For me, doing is believing, so I have to play the Monty Hall game for this to really sink in.  One way would be to get a willing friend to help me play many rounds of the game some where I switch, and others where I don't and track how often I win using either strategy.  Sounds tedious.  Another route is to have a computer play the game for me.  Below is how I played 10,000 rounds of the Monty Hall game in Python.

from random import *
from collections import defaultdict

def count_all(xlist, proportions=False):
    '''Count all the items in a list, return a dict
       with the item as key and counts as value'''
    out =  defaultdict(int)
    for i in xlist: out[i]+=1
    if proportions:
        out2 = {}
        tot_sz = float(sum(out.values()))
        for i in out: out2[i] = out[i] / tot_sz
        return out2
    else: return out

switch = []
no_switch = []

m = [0,0,1]  #a representation of Monty's doors, two losers (i.e. zeros) and one winner (i.e. one)

for i in xrange(10000): #ten thousand games
    shuffle(m) #randomly shuffle which door is the winner
    p = choice([0,1,2]) #contestant randomly picks a door
    x = [idx for idx,i in enumerate(m) if not i]  #find the two loser doors
    if p in x: show = set(x) - set([p]) #if our pick (p) is a loser pick the other door
    if p not in x: show = set([choice(x)]) #if our pick is the winner, randomly choose one of the two losers to show
    show = show.pop() #the door we will show
    all_s = set(range(3)) #setting up a set of all doors
    f = set([p, show]) # setting up a set with the orig pick and the loser we will show
    new_p = all_s.difference(f) #new_p is the set diff, meaning it's the door we'd switch to after Monty shows the loser
    new_p = new_p.pop()
    if m[p]: no_switch.append(1) #if the no switch strategy succeeded add 1 to list
    else: no_switch.append(0) # if no switch was a loser add 0 to list
    if m[new_p]: switch.append(1) #ditto above, but for switch strategy
    else: switch.append(0)

print 'switch strategy', count_all(switch).items()  #print the counts of the results
print 'no switch strategy', count_all(no_switch).items()

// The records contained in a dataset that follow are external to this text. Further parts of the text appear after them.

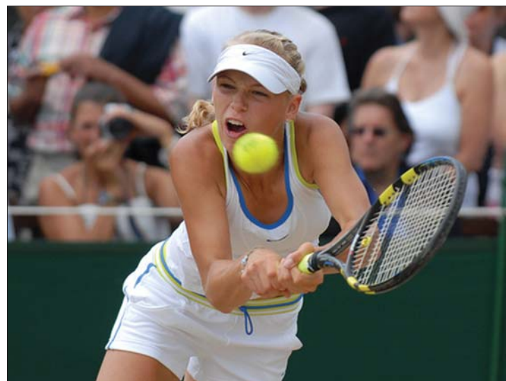
Caroline Wozniacki elbúcsúzott a Roland Garros negyedöntőjében

A férfi egyesek első negyedöntője, a svájci világlásó és egyben címvédő Roger Federer mérkőzése a svéd Robin Söderling ellen a nagy esőzés miatt tegnap késő délután félbeszakadt. Akkor már két játszmát befejeztek, s 6-3, 3-6, 5-5 volt az állás. Ugyancsak az esőzés miatt állították le a Tomas Berdych és a Mihail Juzsnij közötti összecsapást is. Itt az első játszmát a cseh nyerte 6-3-ra, a másodikban 1-1 volt az állás, amikor a találkozó félbeszakították.
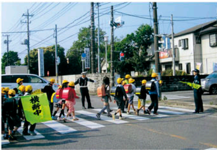
茂原 大芝交差点で中の島小学校児童の保護活動を行う。
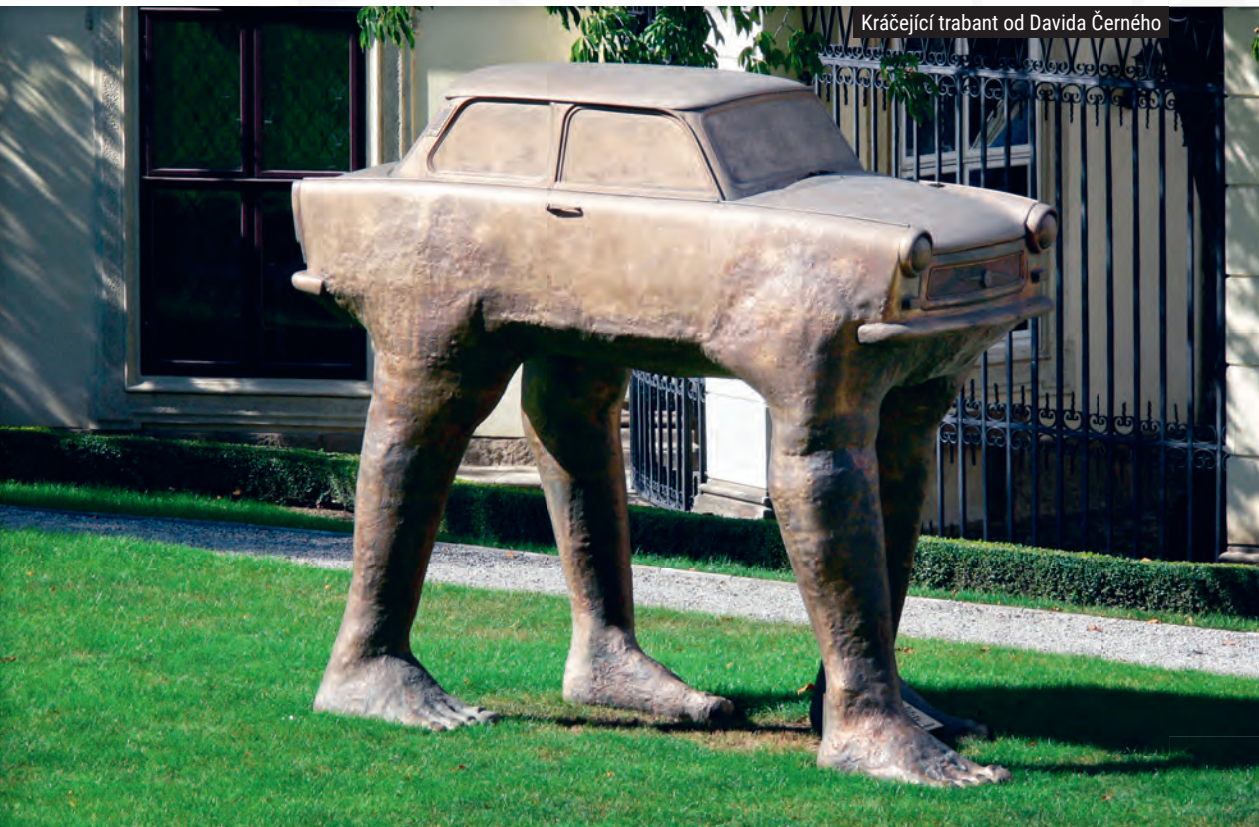
Kráčející trabant od Davida Černého

✉ Německé velvyslanectví, Vlašská 347/19, Praha 1 📍 GPS: N 50°5.21072', E 14°23.87148'
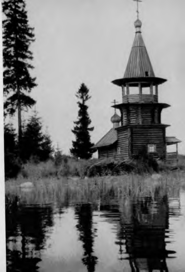
13. Часовня в деревне Корба

Строгости внешних форм и лаконичности деталей часовни в Корбе зодчие противопоставили праздничное звучание во внутреннем ее убранстве. Особой нарядностью выделяется «небо», покрытое сплошным узором стилизованных облаков, с вплетенными в них фигурами ангелов и серафимов. Эта роспись, напоминающая пеструю набойку, придает радостное настроение всему интерьеру часовни.
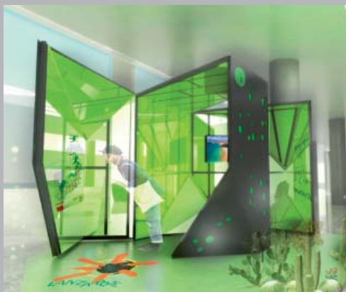
Oficina Información-Turismo. Lanzarote España.
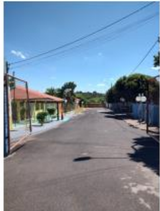
Foto 36 – Rua João Gerônimo Lopes, trecho entre a Rua João Gerônimo Lopes e a Av. Leão Miguel Banwart
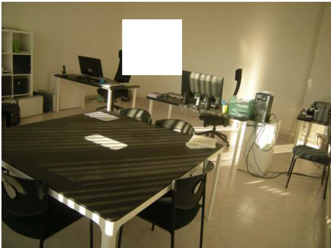
Concordia Sagittaria, foglio 5 particella 930, sub. 10, piano terra - Il locale con destinazione ufficio.
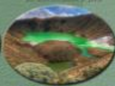
Alcalde de Timperres
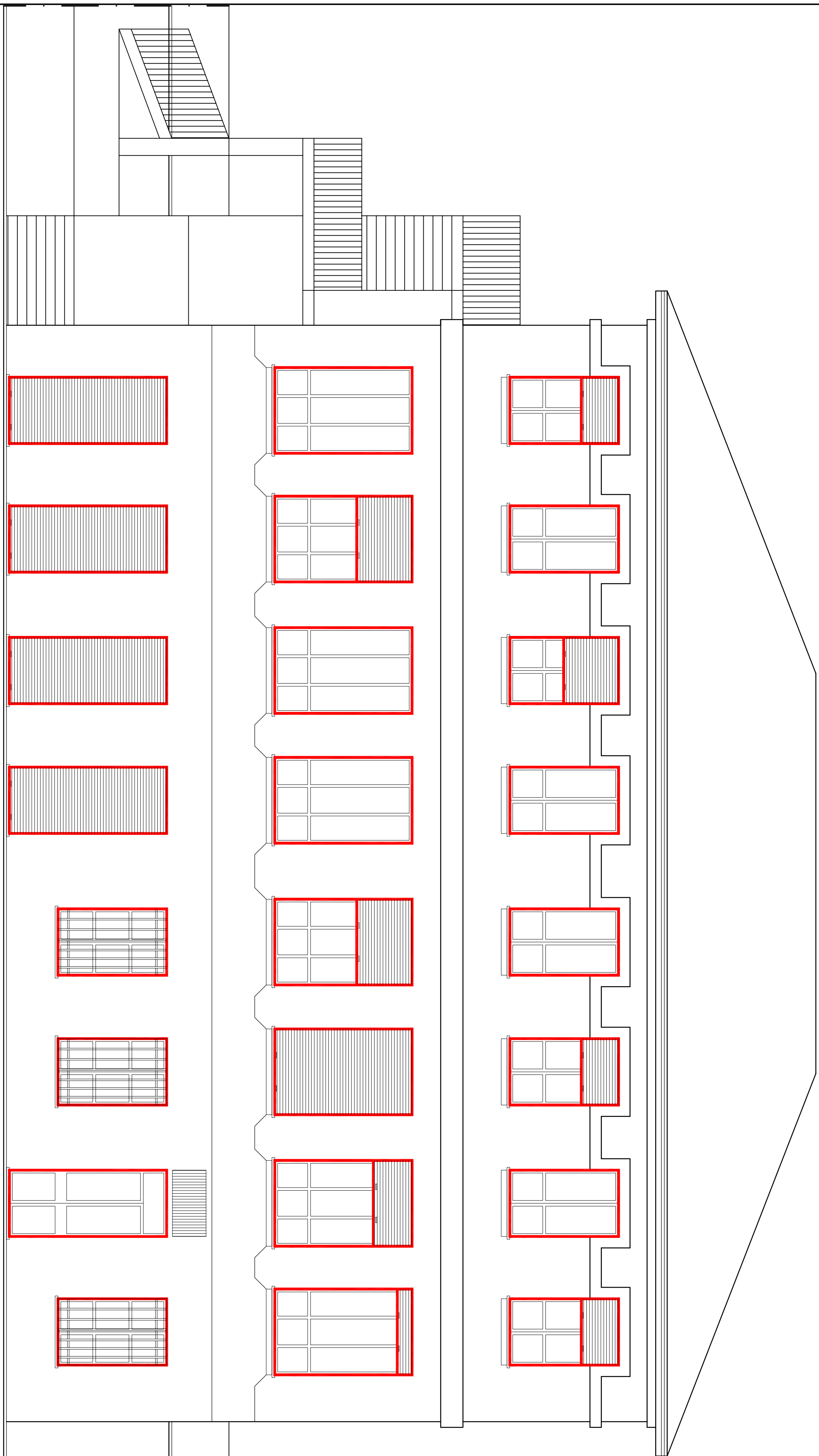
PROSPETTO EST - scala 1:50

I run this code with Python and here is what I get:

switch strategy [(0, 3362), (1, 6638)]

no switch strategy [(0, 6638), (1, 3362)]

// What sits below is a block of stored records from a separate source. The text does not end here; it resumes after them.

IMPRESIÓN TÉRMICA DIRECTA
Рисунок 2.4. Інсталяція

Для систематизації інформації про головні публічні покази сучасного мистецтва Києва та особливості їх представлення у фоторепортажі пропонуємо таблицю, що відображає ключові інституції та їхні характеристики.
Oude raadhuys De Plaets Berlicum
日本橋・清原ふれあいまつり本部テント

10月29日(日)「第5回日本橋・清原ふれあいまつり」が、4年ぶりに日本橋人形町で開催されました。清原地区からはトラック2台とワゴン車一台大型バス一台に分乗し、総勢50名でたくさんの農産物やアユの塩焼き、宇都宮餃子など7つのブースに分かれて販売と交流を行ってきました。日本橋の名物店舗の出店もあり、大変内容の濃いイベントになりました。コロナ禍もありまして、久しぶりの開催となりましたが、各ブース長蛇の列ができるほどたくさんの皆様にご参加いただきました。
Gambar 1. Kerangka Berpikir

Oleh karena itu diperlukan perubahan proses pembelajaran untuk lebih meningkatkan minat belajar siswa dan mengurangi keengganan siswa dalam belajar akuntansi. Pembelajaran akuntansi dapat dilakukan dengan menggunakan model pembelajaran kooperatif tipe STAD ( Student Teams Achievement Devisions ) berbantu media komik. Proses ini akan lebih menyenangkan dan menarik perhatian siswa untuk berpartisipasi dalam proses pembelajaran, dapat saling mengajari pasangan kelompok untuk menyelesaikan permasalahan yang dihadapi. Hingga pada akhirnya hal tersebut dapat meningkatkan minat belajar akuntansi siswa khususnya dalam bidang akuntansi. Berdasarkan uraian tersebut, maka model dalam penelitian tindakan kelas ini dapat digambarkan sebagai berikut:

(here zero represents a loss and one is a win, both followed by the count among 10,000 games)

So out of 10,000 randomly generated Monty Hall trials switching won 6,638 (pretty close to the expected 2/3), and not switching only won 3,362 (about the expected 1/3).  It works!  My initial intuition that they should be about 50/50 is proved wrong.

As I mentioned above, you can get to this result without the simulations by using probability theory, but for me the result really becomes concrete and intuitive only after I code it up and see it for myself.

[Another thing worth pointing out is how simple it is to express this game in Python using sets, though I might have gotten a little carried away with them!]